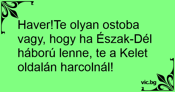 Haver!Te olyan ostoba vagy, hogy ha Észak-Dél háború lenne, te a Kelet oldalán harcolnál!
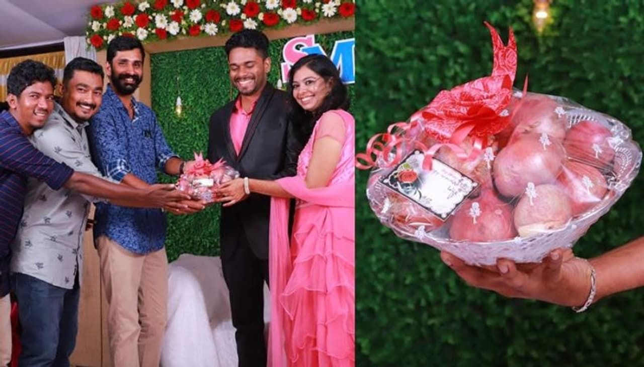 ഇപ്പോള് ഇതാ ആളുകള് വിവാഹത്തിന് വരെ ഉള്ളി സമ്മാനമായി നല്കാന് തുടങ്ങിയിരിക്കുന്നു. അത്രയും വിലയുളള മറ്റൊന്നുമില്ല എന്നാണ് ഇവര് ഇതുകൊണ്ട് അര്ത്ഥമാക്കുന്നതും. ഫേസ്ബുക്കിലെ 'ജിഎന്പിസി' എന്ന പേജിലാണ് ഒരു വിവാഹത്തിന് നവദമ്പതികള്ക്ക് സുഹൃത്തുക്കള് സവാള,ഉള്ളി എന്നിവ സമ്മാനമായി നല്കുന്ന ചിത്രം പോസ്റ്റ് ചെയ്തത്.
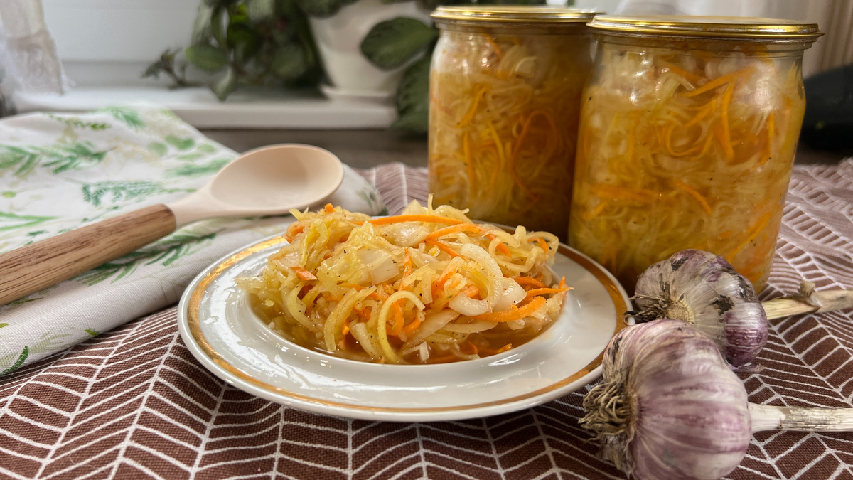 Сезон кабачков в самом разгаре, а я для вас приготовила легкий и быстрый, а главное вкусный рецепт заготовки на зиму, иногда называю - закуска из кабачков. Ингредиенты просты, всегда в постоянном доступе у каждого огородника. В готовом виде, попробовав, наши гости не с первого раза угадывают, что в составе есть кабачки))). Очень оригинально получается. Подготавливаем овощи- моем, у кабачков убираем кожицу и натираем его на терке для корейской моркови. Вес овощей берется в очищенном виде. Морковку тоже натираем на терке для корейской моркови, а лук- полукольцами. 3 кг. кабачков 0,5 кг. репчатого лука 0,5 кг. моркови Кладу овощи в большую кастрюлю и добавляю так называемую заправку: 1 стакан растительного масла 200 г. сахара 2 ст. ложки соли 1 ч. л. черного молотого перца 1 ст. л. приправы для корейской моркови 200 мл 6% уксуса Все перемешиваем и оставляем мариноваться на 1 час при комнатной температуре. Затем раскладываем по баночкам (я беру 500 гр.), ставим банки в кастрюлю с широким д
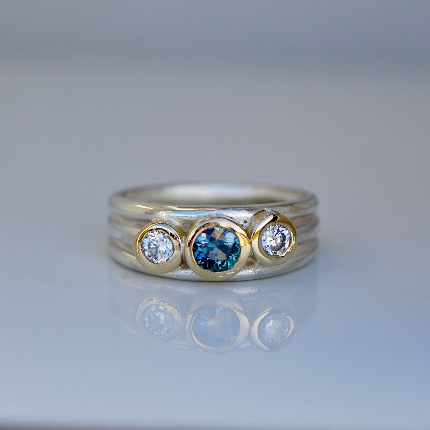 It's a trio of connected silver bands holding gold settings and gemstones. Take a look at the different options
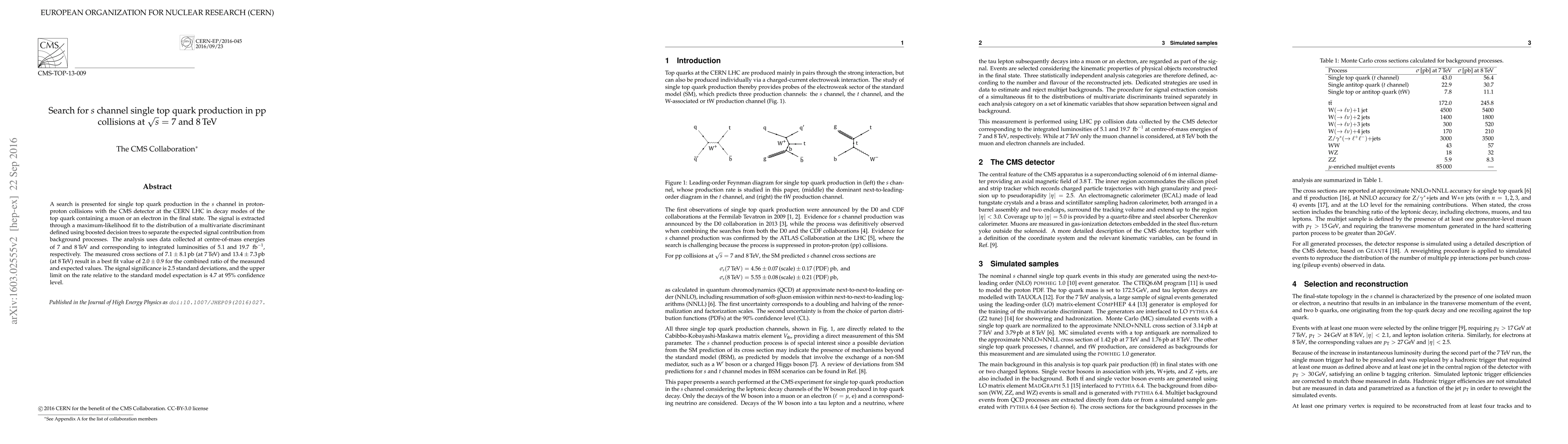 This paper reports a search for single top quark production in the s channel using the CMS detector at the LHC, analyzing proton-proton collisions at 7 and 8 TeV. The study finds a signal significance of 2.5 standard deviations with an upper limit on the production rate at 95% confidence level.
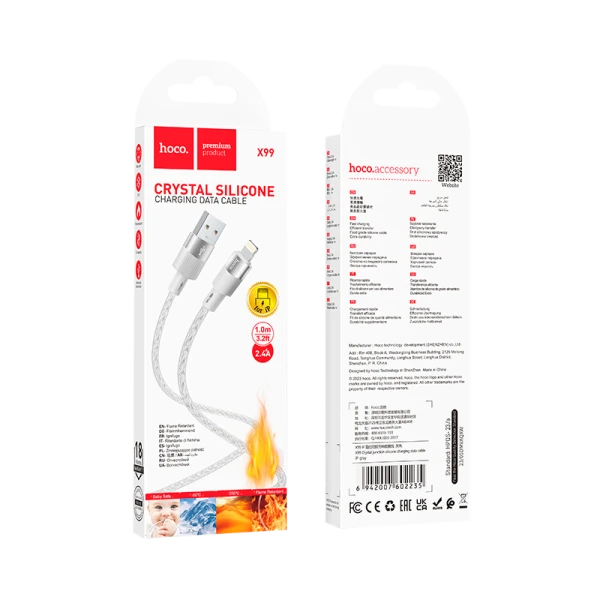 Кабель HOCO X99 USB (m)-Lightning (m) 1м 2.4A силикон серый (1/31/310)
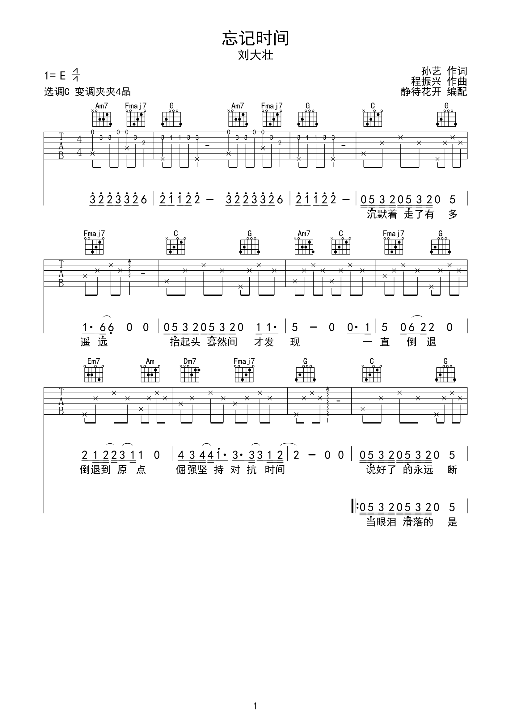 大壮《忘记时间吉他谱》(C调)
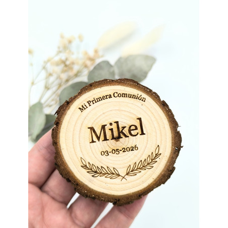 Recordatorio "Mi Primera Comunión" en tronquitos de madera natural con imán.
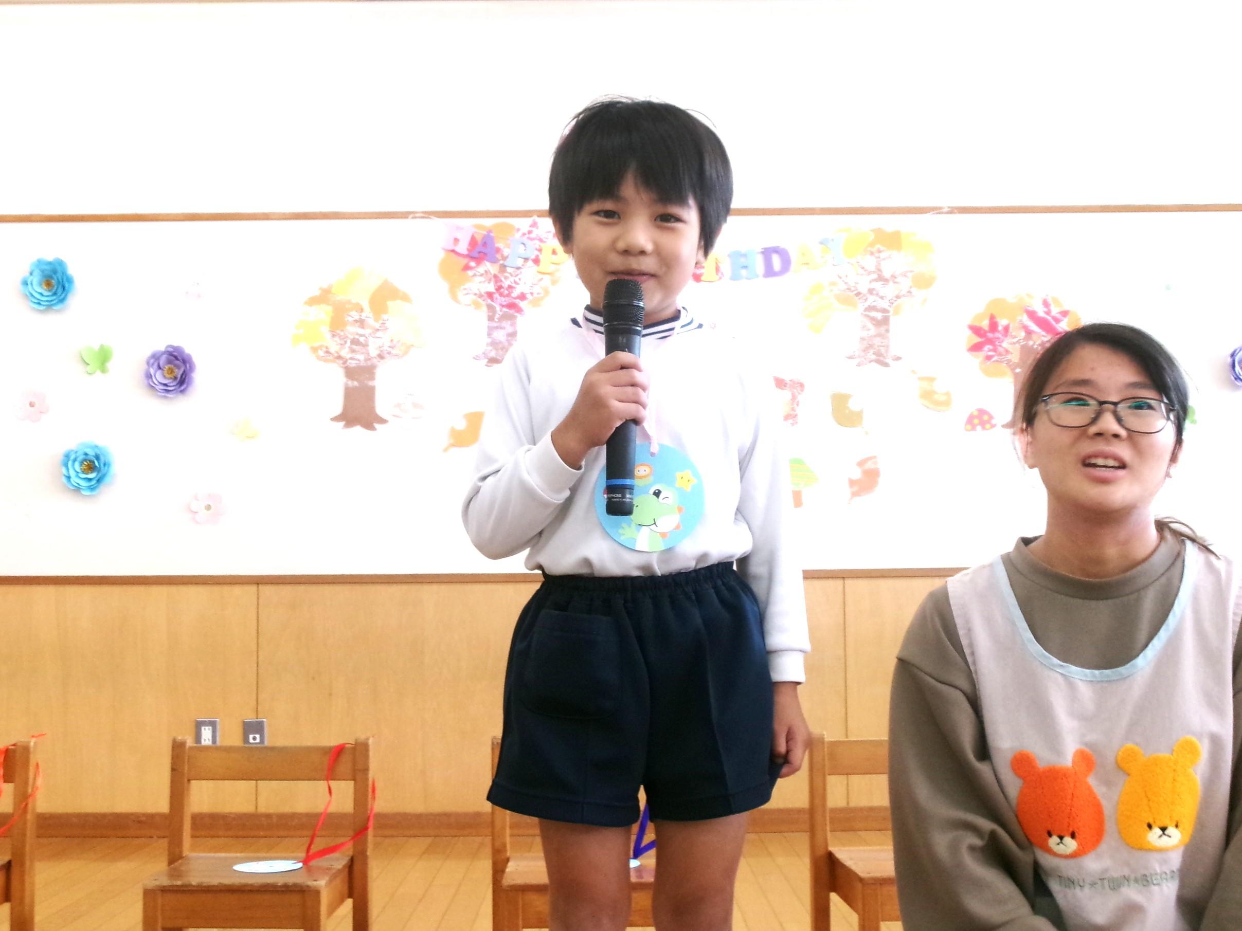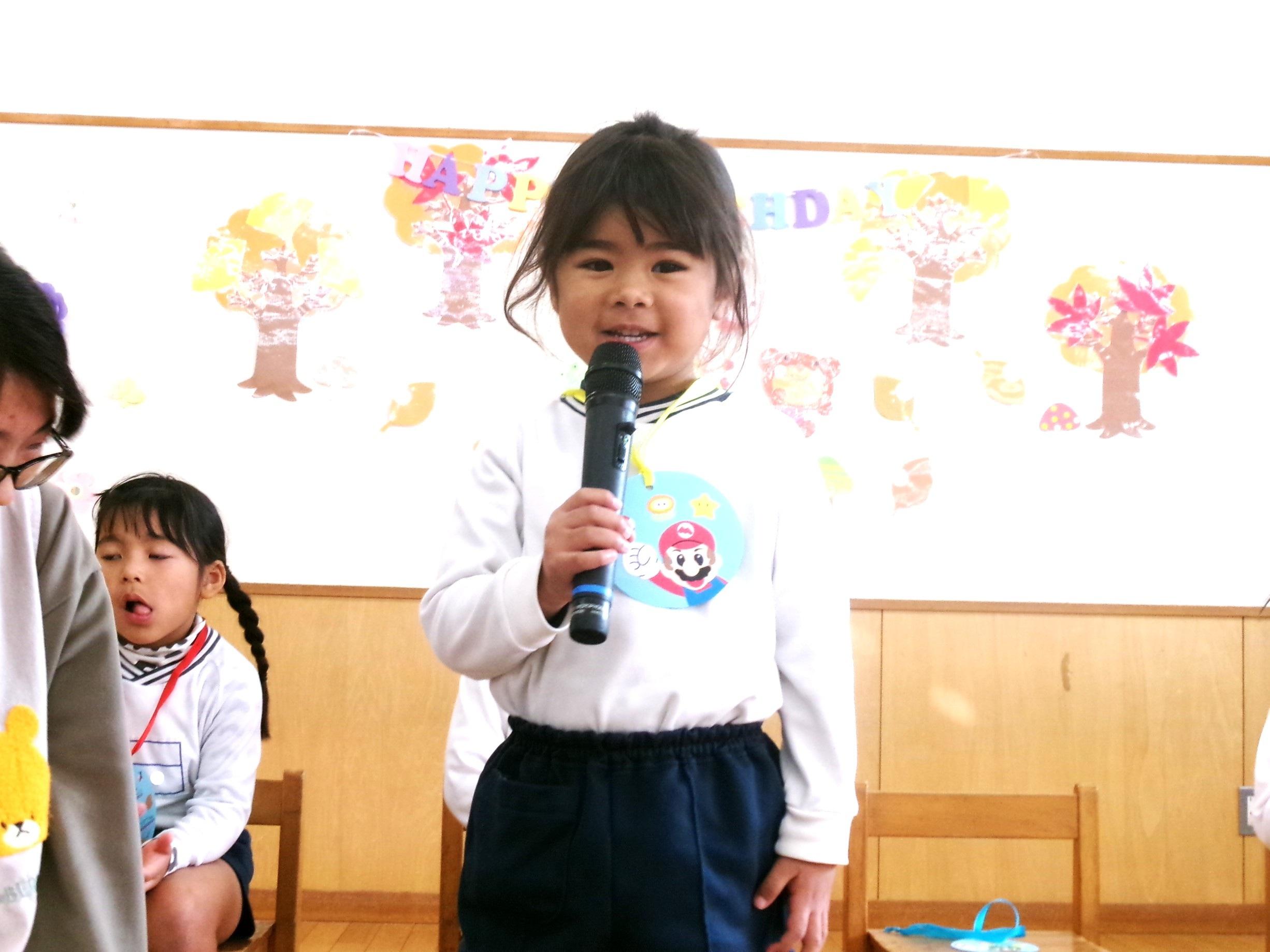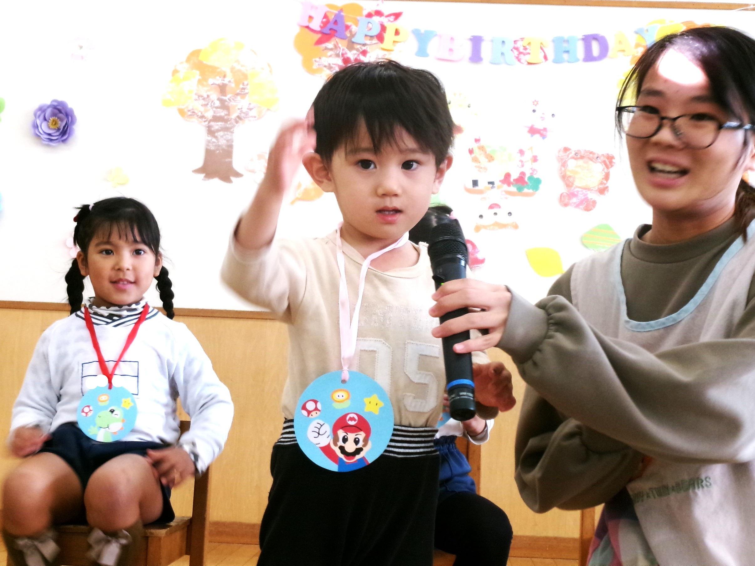 11月生まれのお友だちは9名でした。好きな食べ物や遠足で行った動物園での動物のお話を聞かせてくれました。各クラスからの歌のプレゼントもありました。11月生まれのお友だちお誕生日おめでとう✨

-=-=-

- _What you have to do_
Pictures are to be left out; otherwise, copy exactly each line from the one containing "大壮《忘记时间吉他谱》(C调)" through the last line of the listing.

- _Solution to this task_
 大壮《忘记时间吉他谱》(C调)
 Recordatorio "Mi Primera Comunión" en tronquitos de madera natural con imán.
 11月生まれのお友だちは9名でした。好きな食べ物や遠足で行った動物園での動物のお話を聞かせてくれました。各クラスからの歌のプレゼントもありました。11月生まれのお友だちお誕生日おめでとう✨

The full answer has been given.